Other uses of marine VHF radio include calling other stations, ship-to-ship/shore communication, port operations and manouvering directions communications and public correspondence. There are dedicated radio channels for each of these. Channels dedicated to commercial ship-to-shore communication are also prioritised in Traficom’s interference monitoring. In the Gulf of Finland, this also applies to the ship-to-shore channels used by Estonia and the Russian Federation.
Use of marine VHF radio is on the rise
In Finland, the number of vessels equipped with marine VHF radio equipment is approximately 14,000, and the number of marine VHF shore stations is 300–400. The use and importance of marine VHF radio will only increase in the future, as it is being increasingly used in shipping channel monitoring and by ports. In the future, marine VHF radio equipment will also replace emergency rockets and flares on leisure craft. The maritime transport sector is also adopting new digital communication services for traffic monitoring and control, which will significantly increase the use of marine VHF radio in the future. New data services will also increase its use especially in professional seafaring.
As the use of marine VHF radio continues to increase, the limited number of channels will need to be divided among an increasingly large number of users, which may lead to congestion on general channels, forcing users to adapt their operations accordingly. The increasing use of marine VHF radio will also make international frequency coordination more challenging, particularly in the Gulf of Finland. International frequency coordination is regulated through agreements to reduce interference and steer the future use of frequencies. Solutions to the radio channel scarcity problem have also been sought through global frequency planning. Whatever solutions end up being adopted, the transition period will inevitably be long, as radio stations operating based on any new rules cannot be deployed before the world merchant fleet is equipped with compatible equipment.
Marine radio equipment is evolving
The International Maritime Organization (IMO) continues to develop the e-navigation concept, the purpose of which is to increase maritime safety in merchant shipping through better ship-to-ship and ship-to-shore communication. This will increase the use of medium frequencies (MF) in the coming years. In Finland, the Finnish Border Guard maintains an MF distress and safety radio network used in seafaring. Additionally, Traffic Management Finland Group maintains differential GPS (D-GPS) reference stations that operate on low frequencies (LF) and serve radio navigation. Merchant ships used for international trade will continue to use MF/HF radio stations in the future as well due to the short range of VHF and the high cost of satellite communication.

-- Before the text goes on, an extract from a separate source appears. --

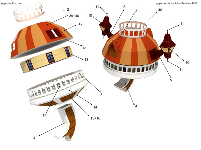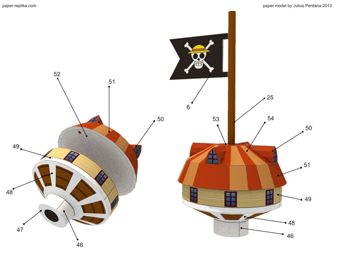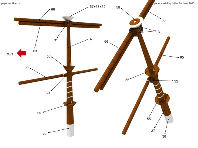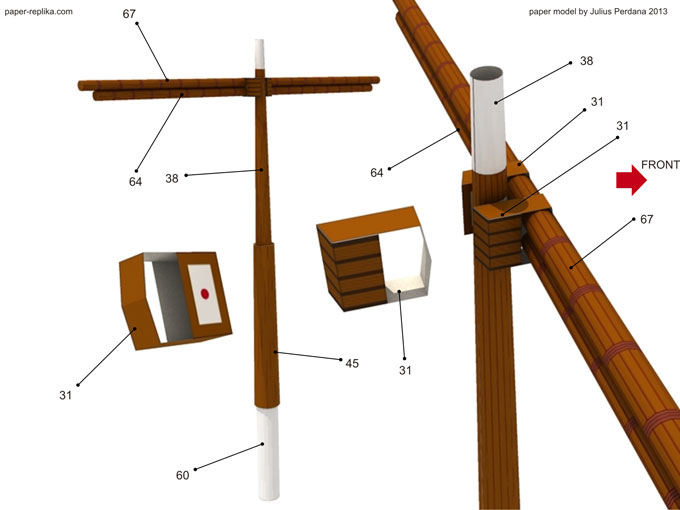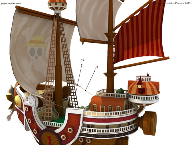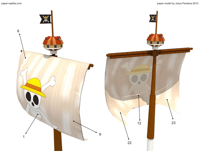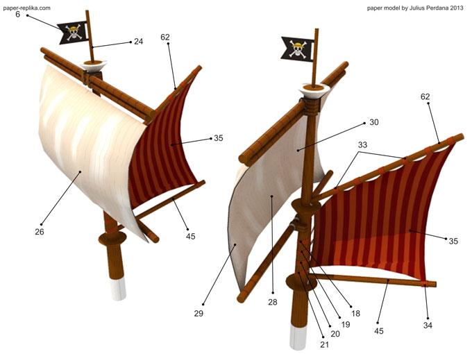 The final part is ready, part 3 of 3. This part contains 10 pages of patterns, the parts are simpler compare to Going Merry in the same section. Assembled model has 58 cm in height, 47 cm length and 30 cm width. These model parts use a lot of cylinder or tube shapes, so you have to choose the correct paper weight, I recommend to use 120 gram. All three sails are double sided and you can replace flag beams with toothpicks.

IMO will be updating the Global Maritime Distress And Safety System (GMDSS) in 2024, which will introduce some changes to how radio frequencies are used in the maritime sector. The use of marine LF, MF, HF and VHF frequencies is critical to maritime safety, which is why they must be protected from interference as effectively as possible in these frequency ranges.
In the future, the maritime sector will utilise a wide range of different radio systems for automation. In addition to current terrestrial and satellite radio systems and radio navigation, future marine automation systems will also make use of mobile communication technologies and new satellite communication solutions. The use cases and business requirements of marine automation are being actively researched. Some of the first smart fairway and remote pilotage systems based on new telecommunications solutions have already been tested in Finland. It should also be noted that solutions utilising digitalisation and 4G/5G mobile communication technologies are already being extensively utilised at ports.

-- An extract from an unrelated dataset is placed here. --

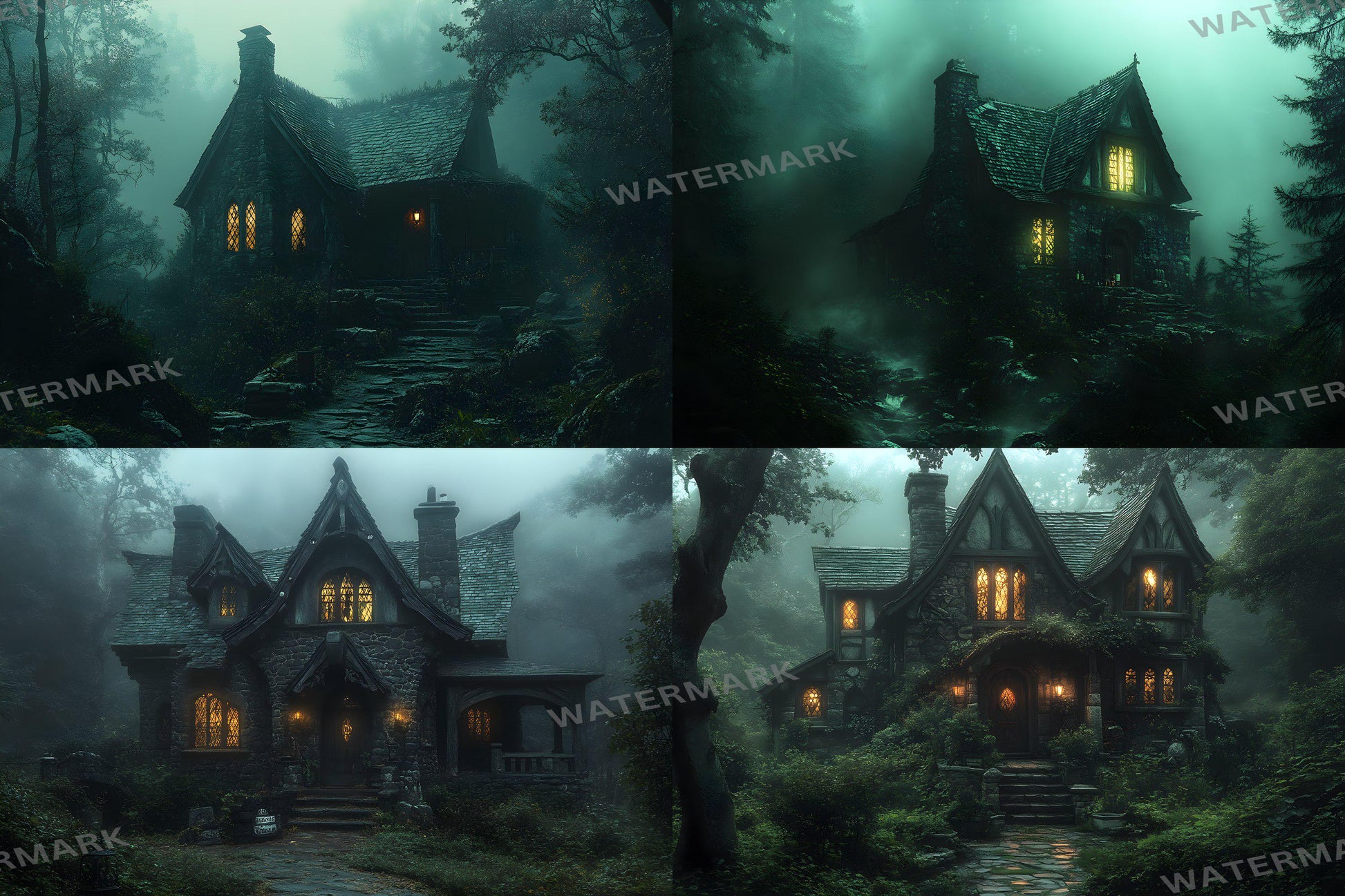 A collection of 20 witch���������s cottage retreat backdrops featuring cozy forest cabins, glowing lanterns, and mystical atmospheres. Perfect for digital artists, fantasy creators, and photographers looking for enchanted woodland settings with a magical touch.

Aviation relies on radio communication
Traficom acts as Finland’s spectrum management authority for radio frequencies used in aviation, facilitating their interference-free use by aircraft and ground operations. We also represent Finland in bodies involved in the management of aviation radio frequencies outside of radio frequency administration, such as the International Civil Aviation Organization (ICAO).
Aviation radio communication
Aviation radio equipment includes radio equipment used on both aircraft and the ground. Aircraft radio equipment is used for voice and data communication with air traffic control and other aircraft and for navigation. Ground-based radio equipment serve as counterparts to aircraft radio equipment and are used to provide air navigation services, such as navigation and relaying voice communication between air traffic control, aircraft and aviation companies. Private pilots use radiotelephony in powered flight, soaring and parachute operations, among others. The use of radio frequencies by these user groups has not significantly changed in recent years, nor are any significant changes expected to occur in the near future.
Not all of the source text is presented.